Разгадка такой непоследовательности в неоднозначности самих прециозных умонастроений. Прециозная утопия не просто порождала смехотворные ужимки, несуразные моды и напыщенные речи. Она противостояла действительности, достаточно суровой в том, что касалось семейного, имущественного, правового положения женщины. И хотя во Франции женщина пользовалась несравненно большей свободой, чем в других странах тогдашней Европы, свобода эта распространялась только на способы времяпрепровождения, да и то в одних лишь светских кругах. Зато во всех жизненно важных вещах девушка целиком зависела от воли отца, жена – от воли супруга. Прециозные мечты о владычестве дамы над пылким воздыхателем были оборотной стороной реальной униженности женщины в браке. Салонные амазонки доходили до идей самых крайних, вроде отмены брачных уз как таковых или замены их временным, «пробным» супружеством; увидеть в них прообраз нынешних феминисток было бы не такой уж натяжкой. Мольер смеялся над прециозницами, когда они пытались идти наперекор установлениям природы и здравого смысла; он был их союзником, когда они защищали свои природой и здравым смыслом данные права.

Однако понятия «здравого смысла» и «природы» сами по себе, равно как и соотношение между ними, можно истолковывать по‑разному, и как раз в умственной жизни французского XVII столетия расхождения по этому поводу составляют едва ли не главный предмет напряженных споров, на каком бы уровне мысли они ни велись – теологическом, философском, моральном, эстетическом.
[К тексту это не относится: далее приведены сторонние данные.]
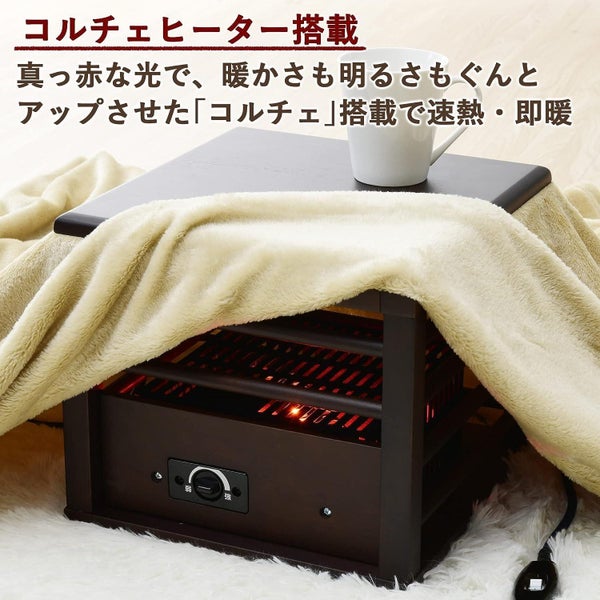 一人暮らし にぴったりの ミニこたつ なので、幅 30×30cm の 正方形こたつ テーブルとして リビング や テレワーク 空間 にも最適です。コルチェヒーター を搭載し 速暖・速熱 を実現、ヒーター100W の省エネ仕様で、軽量3.9kg だから 持ち運びラクラク。天板付きこたつ モデルなので 滑り落ち防止天板 付きで 安全装置付き(温度ヒューズ・電流ヒューズ)も備え、無段階温度調節 や 中間スイッチ で使いやすさも抜群。足元暖房スタイルの 頭寒足熱 効果 もあって、こたつ布団 を使えば 快適な冬のひとり時間が過ごせます。
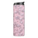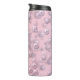 Placers of white-pink pearls on pink velvet thermal tumbler

Либо здравый смысл, разум, которым от природы все люди наделены поровну, один способен вырабатывать ясные и отчетливые суждения о мире, постигать универсальные его законы и служить человеку надежным руководителем, как настаивал Декарт. Либо нам следует сообразовываться со свидетельствами чувственного опыта в его всякий раз неповторимой телесности и лишь приблизительной истинности, как полагал Гассенди. Либо человеческая природа после грехопадения Адама и Евы насквозь, беспросветно порочна, как утверждали янсенисты, и тогда все борения духа ничего не меняют в судьбе души, спасение ее возможно только посредством благодати, даруемой немногим избранным согласно предопределению, божественному промыслу, а не в награду за усилия разума и воли. Либо напротив, как возражали ортодоксальные богословы, первородный грех не полностью перечеркивает свободу человеческой воли, и действие благодати предполагает сознательное сотрудничество личности.

Подобные вопросы отнюдь не заперты наглухо в области отвлеченного умозрения. От их решения зависит множество других, принадлежащих уже непосредственно каждодневной морали и художественной практике. Заслуживают ли естественные наклонности и порывы доверительного уважения или опасливого подавления? Велико ли расстояние между верным пониманием и достойным поступком, между заслугой и воздаянием? Кому и на каких условиях открывается доступ к истине? Должно ли искусство сосредоточиться на умопостигаемых вечных сущностях или на пестроте преходящих вещественных подробностей? Вменяется ли художнику в главную задачу умелое и неукоснительное выполнение общеобязательных рабочих правил мастерства или озабоченность результатом своих трудов в восприятии читателя, слушателя, зрителя?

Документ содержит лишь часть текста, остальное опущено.